What needs reproducing is the run of lines in the data below starting at the line with "Шина питания IZ" and ending at the line with "Snygg svart tröja", both ends included. Copy it exactly, without pictures, and add nothing.
══ SUPPLIED INFORMATION
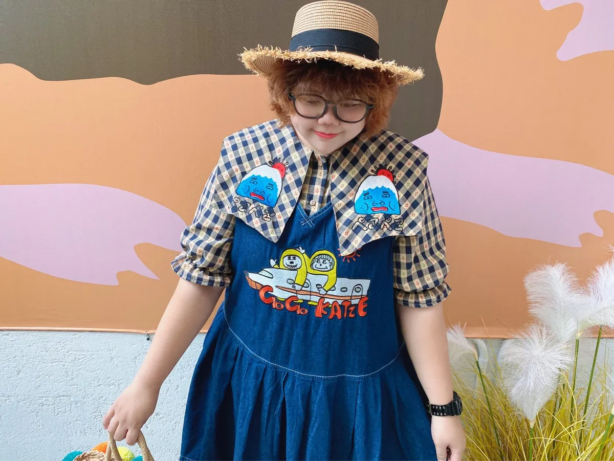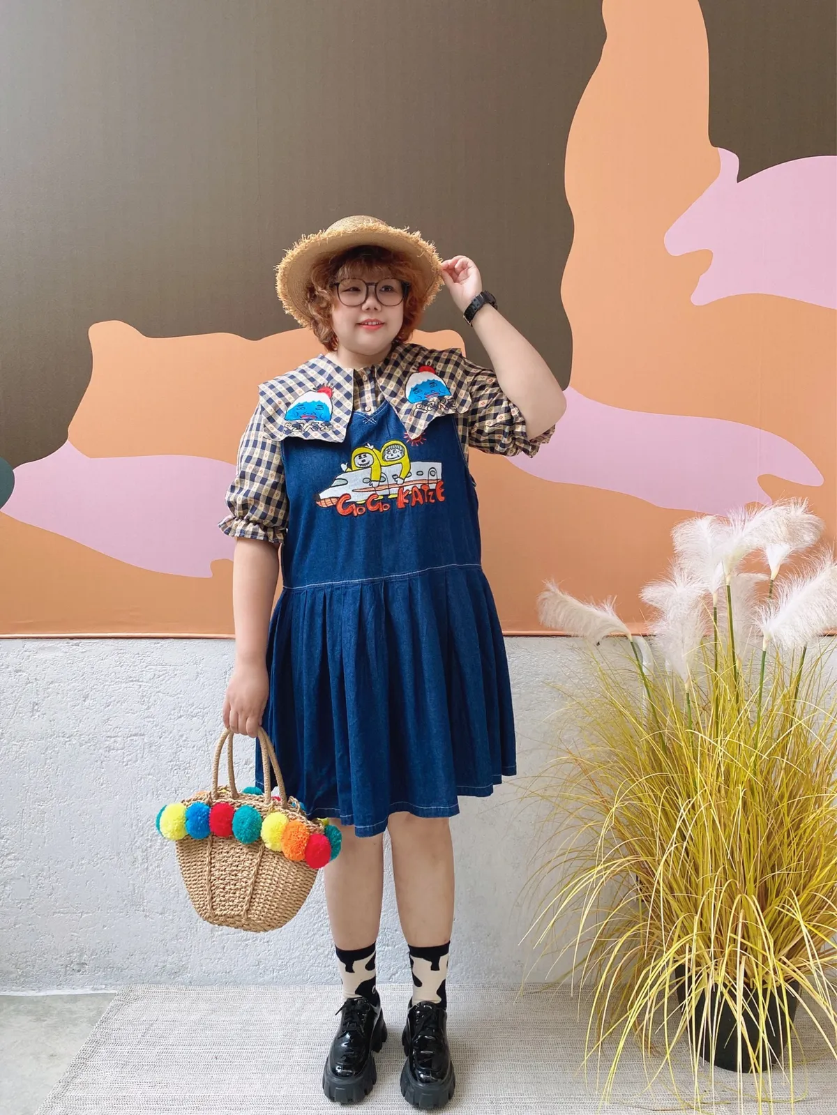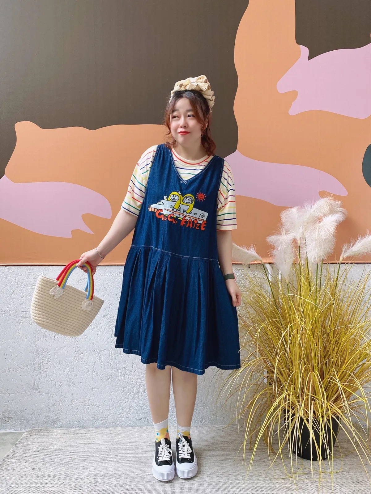 KATZE限量原創款-阿福肉妹一起去旅行牛仔背心洋
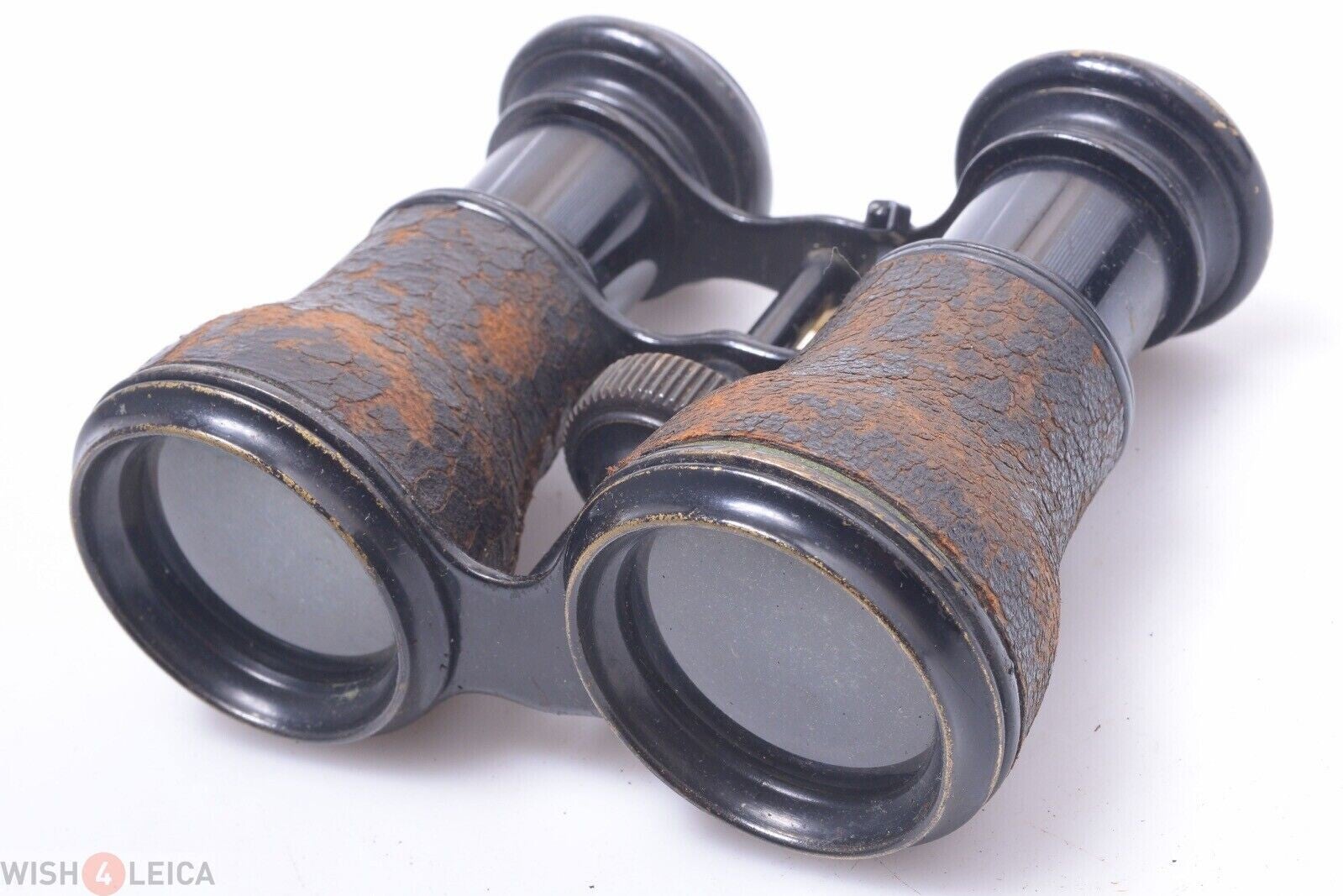 Binoculars are in overall good condition. Shows signs of prior use and no corrosion. All brass and metal. At the metal parts it shows some superficial corrosion. Shows no dings, no dents, and shows some scratches. Cover is complete and original, shows wear and is dry, but doesn’t peal off. The elements are in good condition, no separation, no haze, no cleaning marks, no scratches, no fungus on or in between the elements. Shows edge smudges and shows dust particles inside. View is bright. Eye-cups in good condition, shows no dings. The focus ring turns smooth.
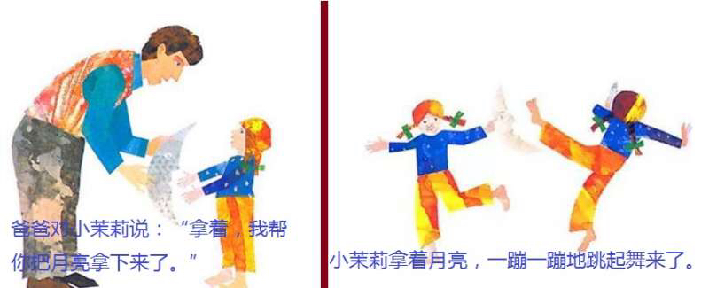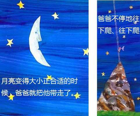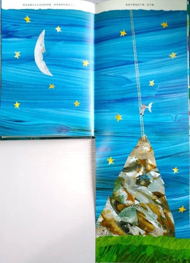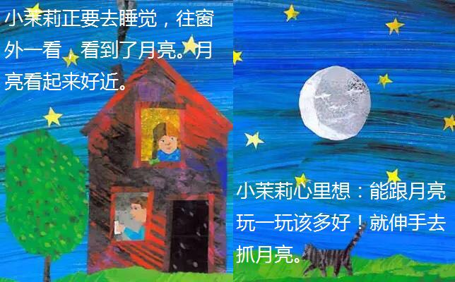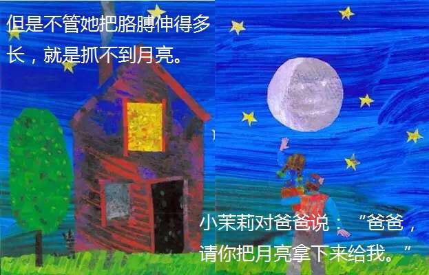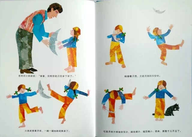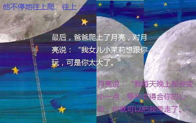 小茉莉很想和月亮一起玩,但她摘不到月亮,便拜托爸爸把月亮摘下来,于是爸爸拿了一把好长好长的梯子,架在一座好高好高的山上,努力地向上爬呀爬,但是月亮太大拿不下来,爸爸只好等到月亮变成下弦月,才把月亮带回给小茉莉玩…… 这是有关爱与梦想的故事,上下打开的多种折页变化,让孩子惊奇感受空间延伸的巧妙创意。孩子从故事情节中,不仅可以了解长短、高矮、大小等概念与形容词,还能从中观察到月亮阴晴圆缺的自然现象。
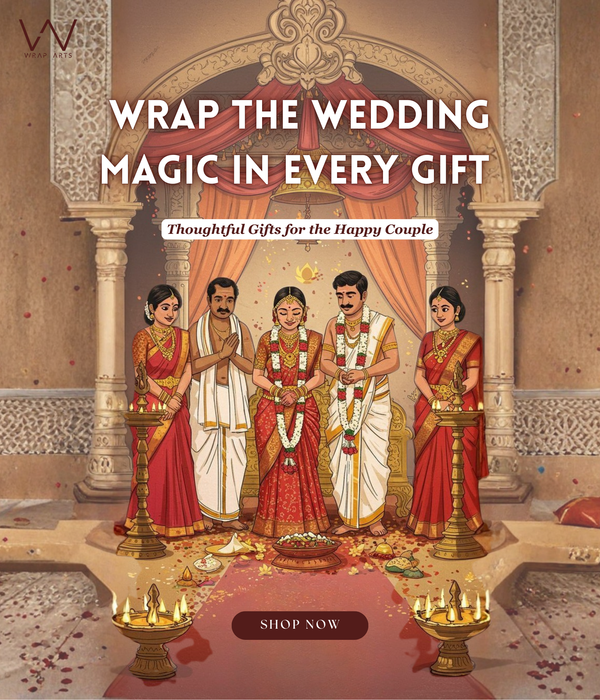 At Wrap Arts, we make gifting personal—crafted with bespoke art-led luxury gifting 🎁. From celebration, Return Gifts, engagement essentials, wedding essentialsAnniversary Gifts, Baby shower, Naming Ceremony, Birthday Gifts,Half sharee ceremony, Upanayanam, our collection turns every gesture into a memory.
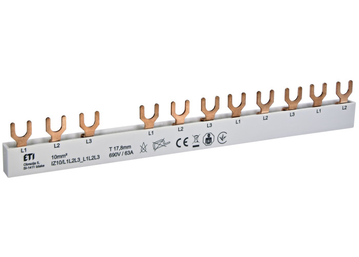 Шина питания IZ 10/L1L2L3_L1L2L3 (10мм2, 3P, 0.21м, Fork, 12mod.)
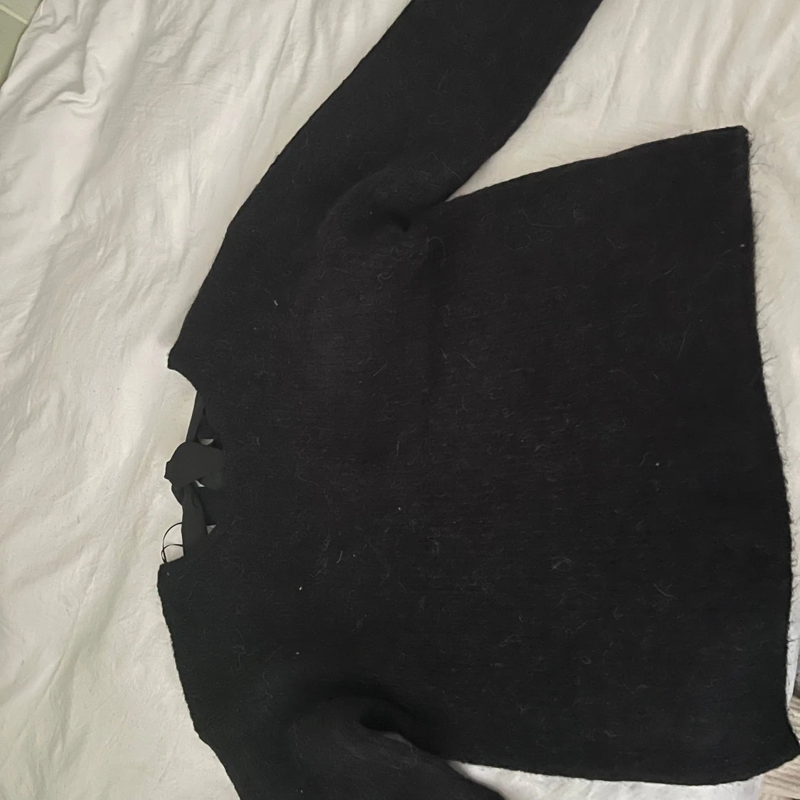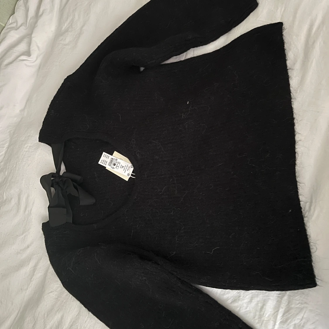 Snygg svart tröja med en dekorativ rosett vid ryggen. Tröjan har långa ärmar och är perfekt för kyligare dagar. Enkel och stilren design som passar till många olika outfits.
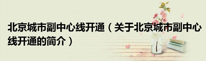 大家好,北京城市副中心線開通,關于北京城市副中心線開通的簡介很多人還不知道,現在讓我們一起來看看吧!
════
_ANSWER TO THE PROBLEM:_
 Шина питания IZ 10/L1L2L3_L1L2L3 (10мм2, 3P, 0.21м, Fork, 12mod.)
 Snygg svart tröja med en dekorativ rosett vid ryggen. Tröjan har långa ärmar och är perfekt för kyligare dagar. Enkel och stilren design som passar till många olika outfits.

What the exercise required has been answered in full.